Expected value of the cash flows depend on the odds you assign for the cash flows to come in (like probability that you collect the mortgage payments in this case. The better credit the mortgage payer has higher odds cashflows come in) and present value is what accounts for the time value of the money (one dollar received a year from now worth less than a dollar today).

This is one way to calculate price of a derivative. Lets call that “Mark to the model“. Basically your mathematical model tells you the price based on the assumptions you make in calculating the odds.

There is a second way to come up with price of a derivative security or anything else for that matter and that is the old fashion way based on supply and demand. Basically the price of anything depends how much you can sell it for and that automatically assumes someone is willing to buy it from you. In financial derivatives world That is called “mark to market“.

Now I explain how in the world Merrill Lynch wrote down prices of its CDOs another $4 billion in a span of two weeks! How could they miscalculate price of CDOs so gravely?!

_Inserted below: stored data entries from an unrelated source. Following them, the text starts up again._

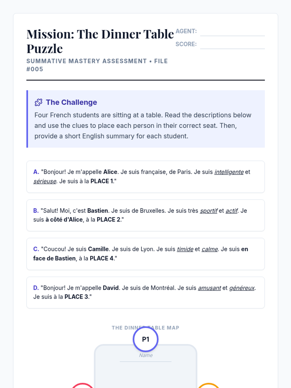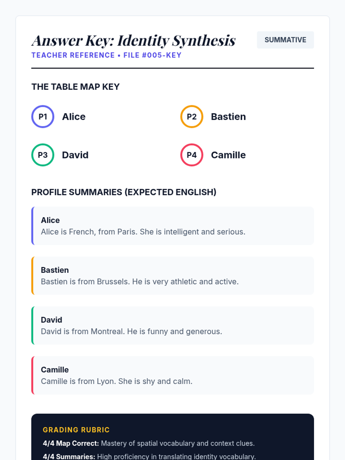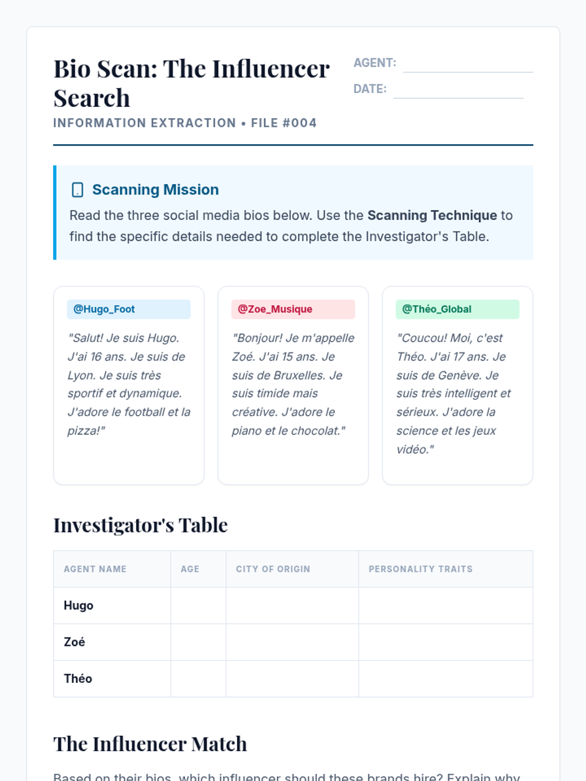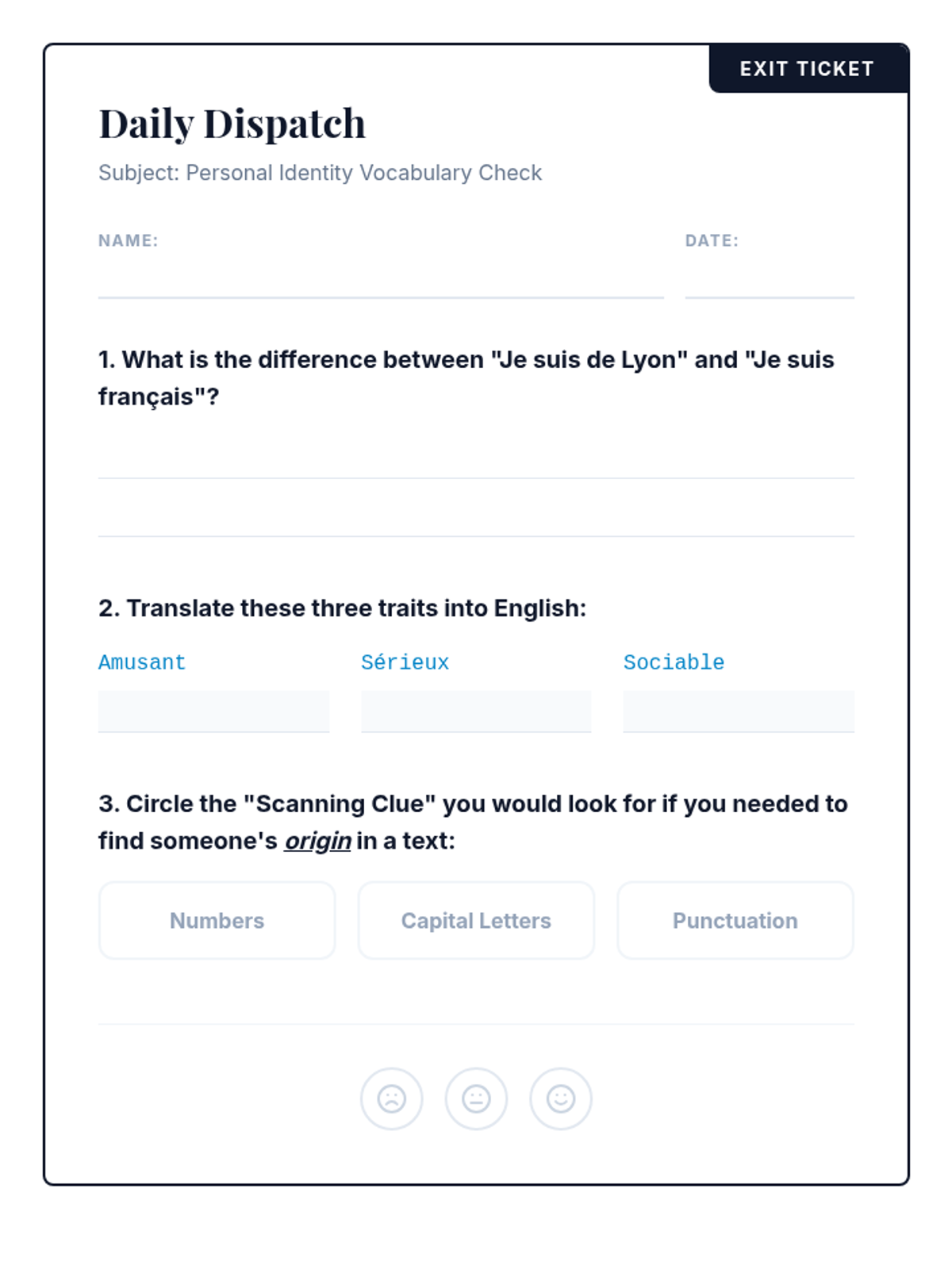 A foundational French reading sequence for 8th graders focusing on decoding identity-based texts using cognates, context clues, and basic grammar like 'être' and adjective agreement. Students progress from identifying familiar words to synthesizing full narratives about personal identity.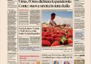 Tutti i giornali di oggi titolano in apertura sul nuovo decreto per contrastare la diffusione del coronavirus (SARS-CoV-2), annunciato ieri sera dal presidente del Consiglio Conte con un messaggio televisivo, che prevede la chiusura in tutta Italia per due settimane di locali e negozi con l’eccezione di alimentari, farmacie e altre attività considerate essenziali. A questa notizia molti associano la decisione del governo su un provvedimento di aiuti economici per 25 miliardi di euro per le conseguenze dell’epidemia e la dichiarazione della pandemia per il coronavirus da parte dell’Organizzazione Mondiale della Sanità.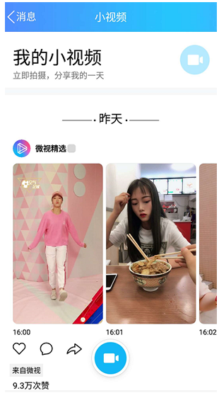 手机QQ好友小视频功能上线了,赶快来体验吧。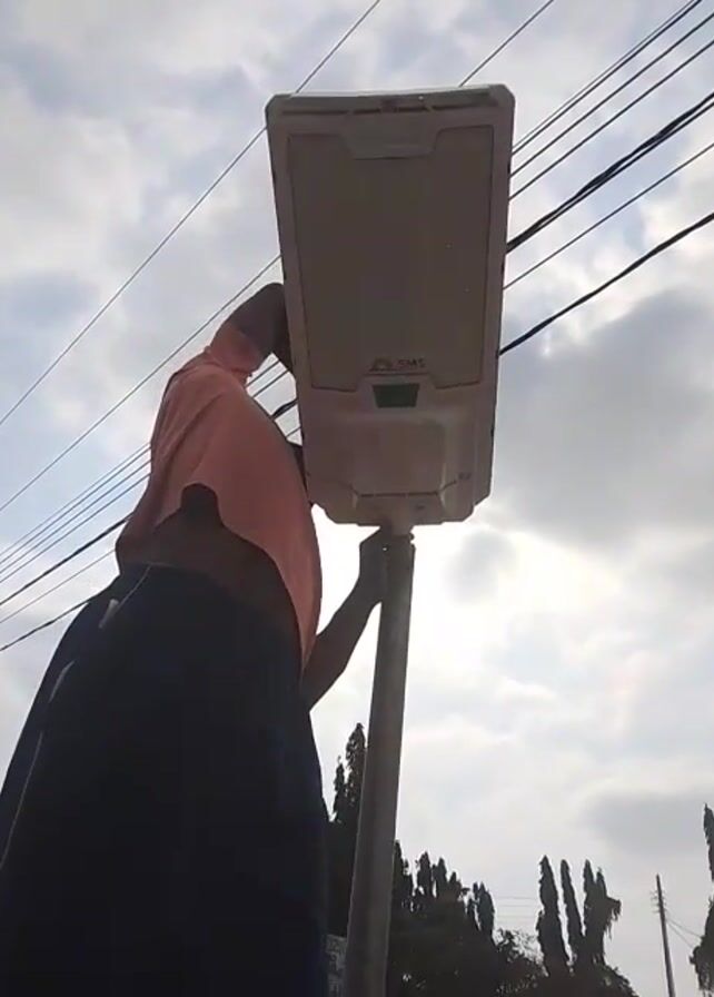 A person in a coral shirt and black pants stands facing a streetlight, attaching it to a metal pole. They are using both hands to secure the light fixture, which has a white rectangular housing. Above them are overhead power lines against a cloudy sky. Some trees are visible in the background, on a slight rise.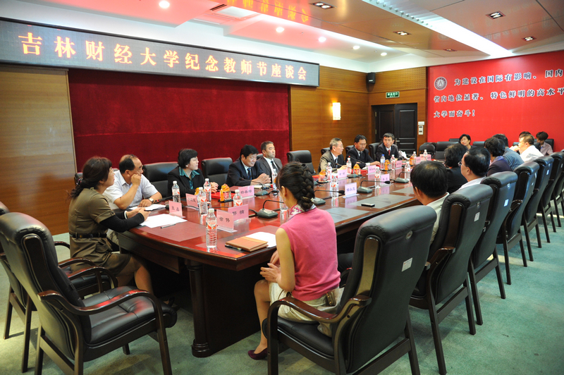 从教30年的历程中,有许多喜悦,有许多收获。接下来,税务学院朱泉教授、经济模拟研究所林秀梅教授、应用数学学院何英凯教授、发展规划处孙禹林处长、校党委副书记兼副校长郝中华等结合自己从教30年的人生经历,作了发言。他们饱含激情地表达了自己对教师这个职业和学校的深深热爱与无限眷恋,畅谈了在学校工作30年的感悟和人生收获,并将自己从教的宝贵经验与在座的年青教师进行了分享,希望年青教师不断进步,不断成长,为学校的发展做出更多更大的贡献!校党委书记金硕作了总结发言。在第28个教师节来临之际,他代表学校向在座的每一位教师表达了节日的祝福。金书记感谢所有老师对教育事业无怨无悔的付出,对工作尽心尽力的态度。他说,在这次座谈会上,大家饱含激情的畅谈了从教30年的收获和人生感悟,让人感动,他希望在座的老教师保重身体,快乐生活,希望年青教师一如既往地做好教学工作,发扬爱校精神,促进学校发展!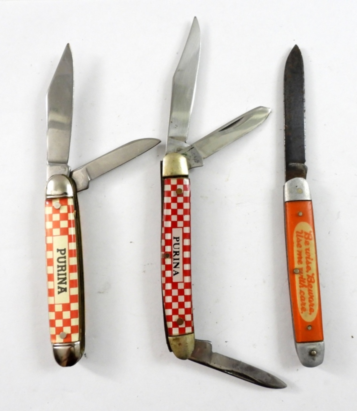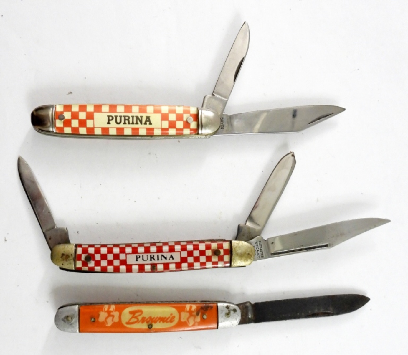 PURINA CUTMASTER THREE BLADE NICE, PURINA BAYES TWO BALDE NICE, BROWNIE KUTMASTER SINGLE BLADE shows wear
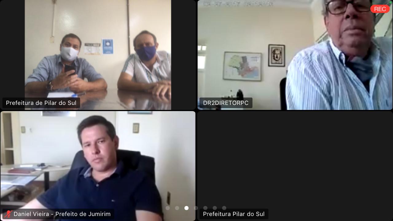Na manhã desta quinta-feira (21), o prefeito de Pilar do Sul Marco Aurélio Soares (DEM) e o ex-vice-prefeito Angelo Paiotti participaram de uma reunião por meio de videoconferência com Alfredo Moreira Neto, diretor regional do DER de Itapetininga, e com o deputado estadual Edson Giriboni (PV).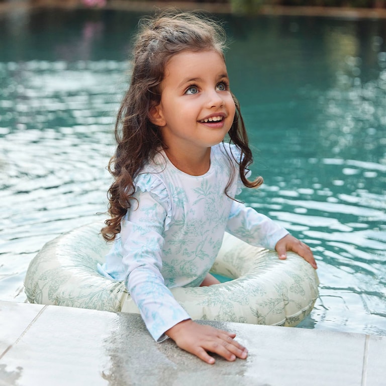 Pour les tout-petits, la ligne « Son premier été » enveloppe chaque silhouette de douceur, avec des matières légères et des tonalités apaisées, pensées pour accompagner leurs premiers instants estivaux avec délicatesse.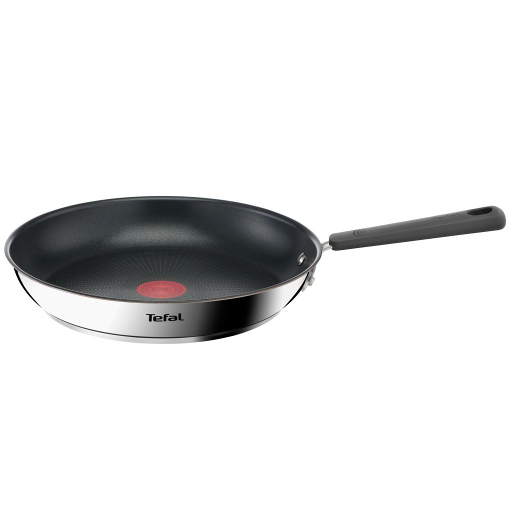 - patelnia ma trwałą (wytrzymuje do 2x dłużej niż standardowa Tefal) nieprzywierającą tytanową powierzchnię wolną od PFOA, kadmu i ołowiu do smażenia i podsmażania z niewielką ilością tłuszczu lub bez niego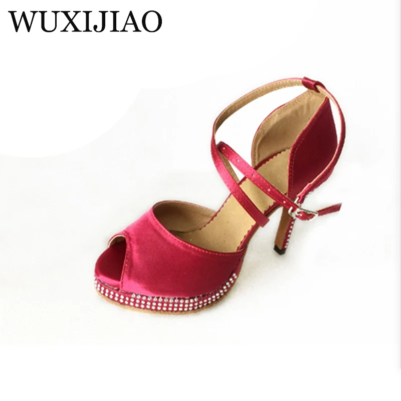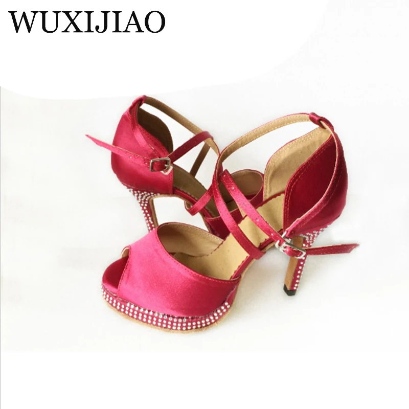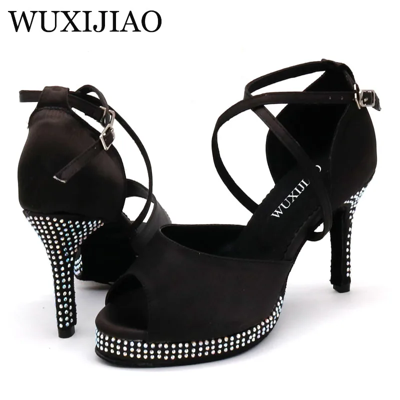 WUXIJIAO Бренд стразы черные атласные женские ультравысокие каблуки 10 см латиноамериканские танцевальные искусственные вечерние туфли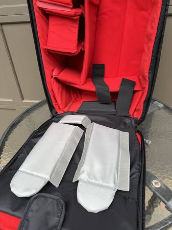Regulations Front lid unzips quickly to reveal central compartment contoured to comfortably fit up to two DSLR cameras with lens attached
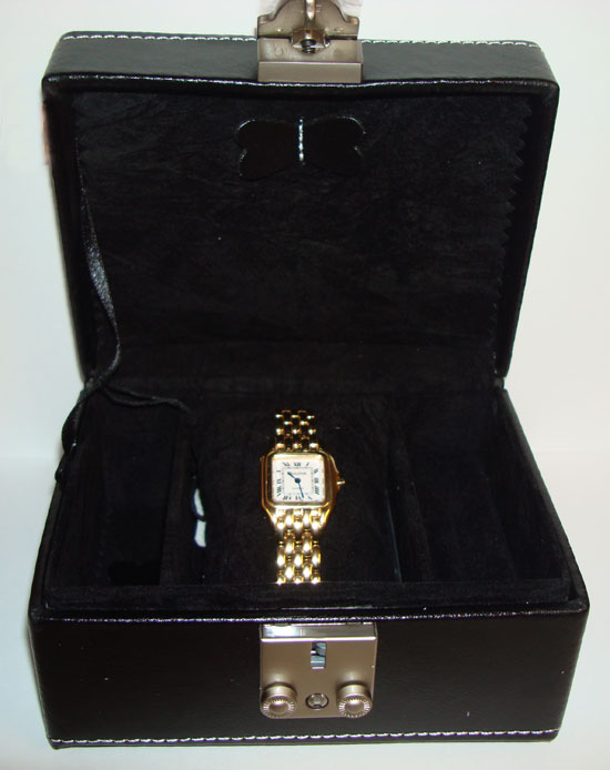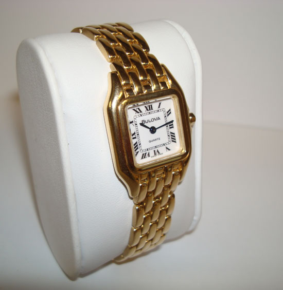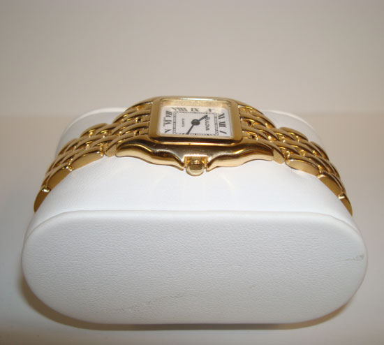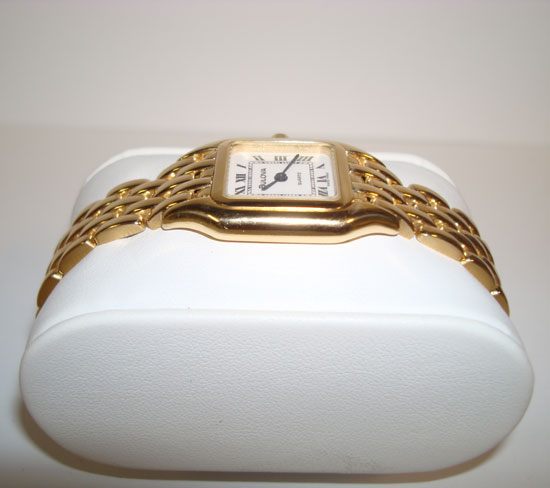 Description :lady watch, yellow gold, white dial with roman numerals, sapphire crystal, quartz movement, diameter 22 mm, yellow gold strap, hidden folding clasp.
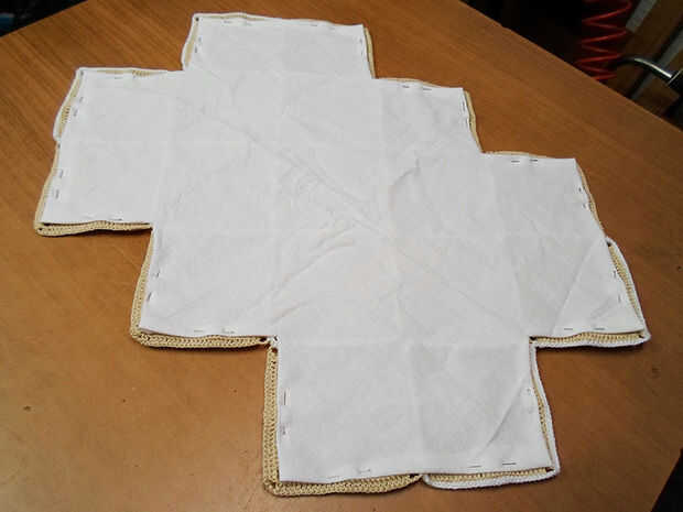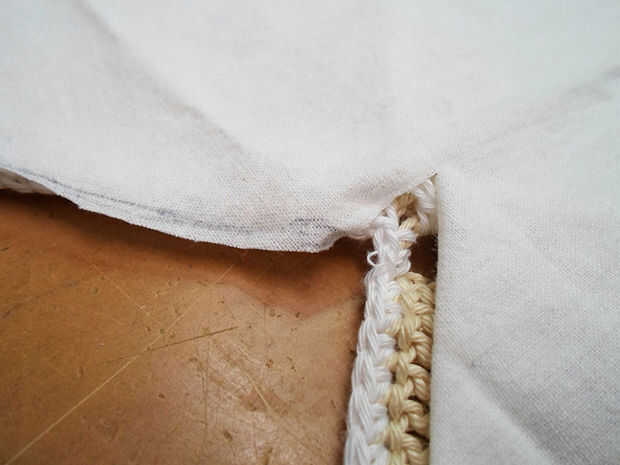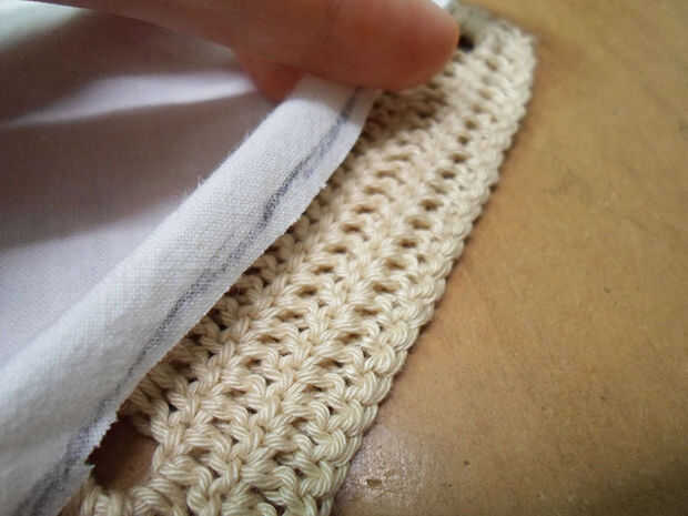 Usted notará que la tela será más difícil doblar en ángulos internos, así que corte un poco para poder doblar los 2 lados (ver fotos).

The answer lies in the difference between “mark to model” and “mark to market”.   The former is what you math gurus are calculating with their sophisticated models and the latter is what people are actually willing to pay for it! Now while their sophisticated models are saying these CDOs are worth 60 cents for a dollar, nobody else wants them and rest of the market is only willing to pay pennies for a dollar.

That reminds me of my first encounter with Black-Scholes model in my finance class. When professor was done writing all math equations I asked him but what about the supply and demand? Where does that come into picture?!

He mumbled something to the account that, that assumption “is not necessary in this context”! I was not convinced then, heck I am not convinced now!